◆ **EXERCISE GOAL**
Without the images, repeat every line of the listing verbatim.

◆ **DATA EXCERPT**

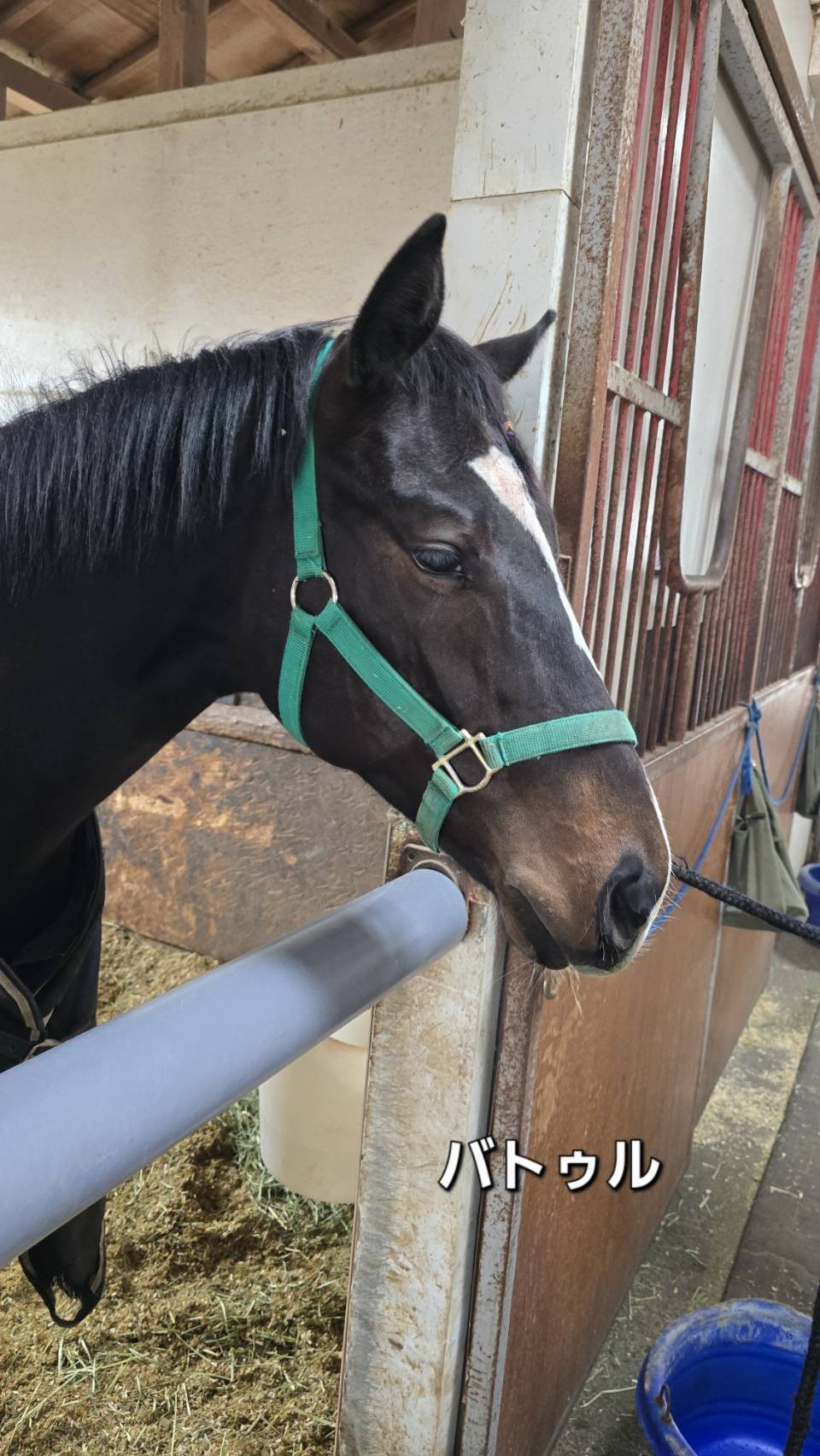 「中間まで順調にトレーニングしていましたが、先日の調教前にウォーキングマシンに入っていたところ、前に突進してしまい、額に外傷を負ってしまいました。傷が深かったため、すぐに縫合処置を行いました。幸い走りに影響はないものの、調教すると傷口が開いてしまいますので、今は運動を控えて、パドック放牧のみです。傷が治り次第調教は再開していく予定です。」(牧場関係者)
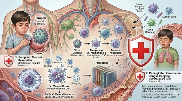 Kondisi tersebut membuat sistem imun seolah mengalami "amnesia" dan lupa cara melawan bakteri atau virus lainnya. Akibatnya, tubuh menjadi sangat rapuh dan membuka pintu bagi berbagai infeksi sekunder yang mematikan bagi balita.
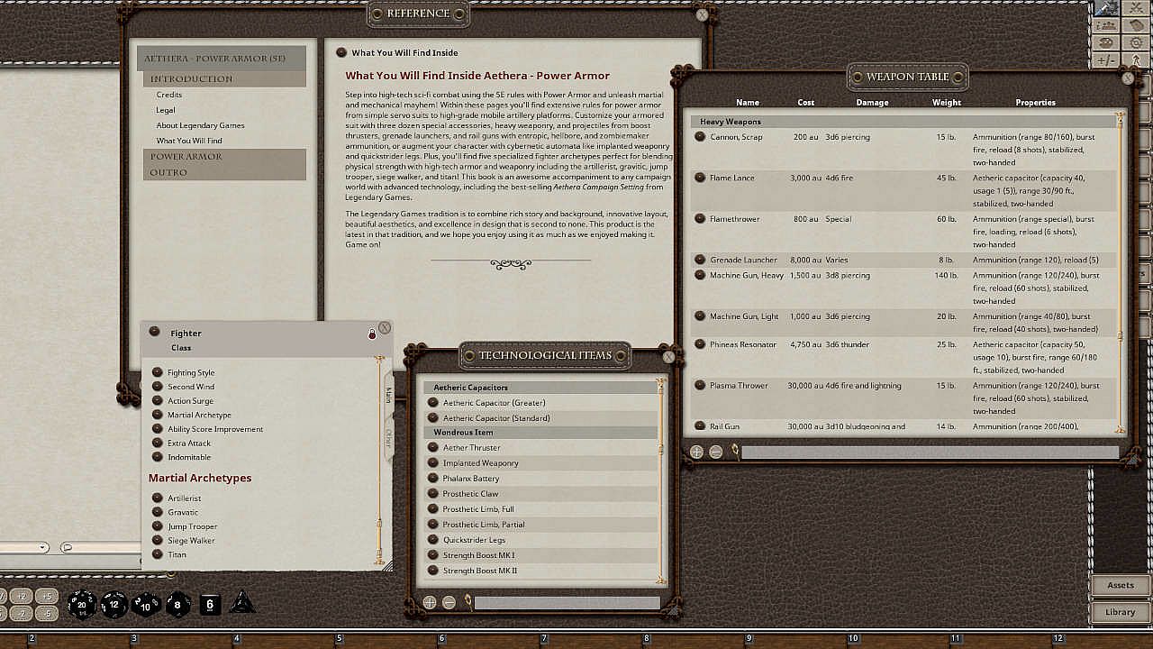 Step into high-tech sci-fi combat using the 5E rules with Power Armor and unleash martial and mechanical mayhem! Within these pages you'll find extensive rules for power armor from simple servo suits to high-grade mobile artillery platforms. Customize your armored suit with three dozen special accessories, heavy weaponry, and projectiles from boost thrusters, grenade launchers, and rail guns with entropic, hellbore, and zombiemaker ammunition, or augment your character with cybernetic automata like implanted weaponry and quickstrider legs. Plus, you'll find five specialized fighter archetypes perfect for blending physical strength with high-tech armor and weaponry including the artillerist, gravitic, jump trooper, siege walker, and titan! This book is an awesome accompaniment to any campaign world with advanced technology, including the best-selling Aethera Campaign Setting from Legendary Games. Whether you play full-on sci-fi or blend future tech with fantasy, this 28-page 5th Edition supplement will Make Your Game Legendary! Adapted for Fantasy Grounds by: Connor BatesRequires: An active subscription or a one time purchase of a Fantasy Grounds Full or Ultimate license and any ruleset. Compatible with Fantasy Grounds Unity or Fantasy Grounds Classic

◆ **WRITTEN SOLUTION**
 「中間まで順調にトレーニングしていましたが、先日の調教前にウォーキングマシンに入っていたところ、前に突進してしまい、額に外傷を負ってしまいました。傷が深かったため、すぐに縫合処置を行いました。幸い走りに影響はないものの、調教すると傷口が開いてしまいますので、今は運動を控えて、パドック放牧のみです。傷が治り次第調教は再開していく予定です。」(牧場関係者)
 Kondisi tersebut membuat sistem imun seolah mengalami "amnesia" dan lupa cara melawan bakteri atau virus lainnya. Akibatnya, tubuh menjadi sangat rapuh dan membuka pintu bagi berbagai infeksi sekunder yang mematikan bagi balita.
 Step into high-tech sci-fi combat using the 5E rules with Power Armor and unleash martial and mechanical mayhem! Within these pages you'll find extensive rules for power armor from simple servo suits to high-grade mobile artillery platforms. Customize your armored suit with three dozen special accessories, heavy weaponry, and projectiles from boost thrusters, grenade launchers, and rail guns with entropic, hellbore, and zombiemaker ammunition, or augment your character with cybernetic automata like implanted weaponry and quickstrider legs. Plus, you'll find five specialized fighter archetypes perfect for blending physical strength with high-tech armor and weaponry including the artillerist, gravitic, jump trooper, siege walker, and titan! This book is an awesome accompaniment to any campaign world with advanced technology, including the best-selling Aethera Campaign Setting from Legendary Games. Whether you play full-on sci-fi or blend future tech with fantasy, this 28-page 5th Edition supplement will Make Your Game Legendary! Adapted for Fantasy Grounds by: Connor BatesRequires: An active subscription or a one time purchase of a Fantasy Grounds Full or Ultimate license and any ruleset. Compatible with Fantasy Grounds Unity or Fantasy Grounds Classic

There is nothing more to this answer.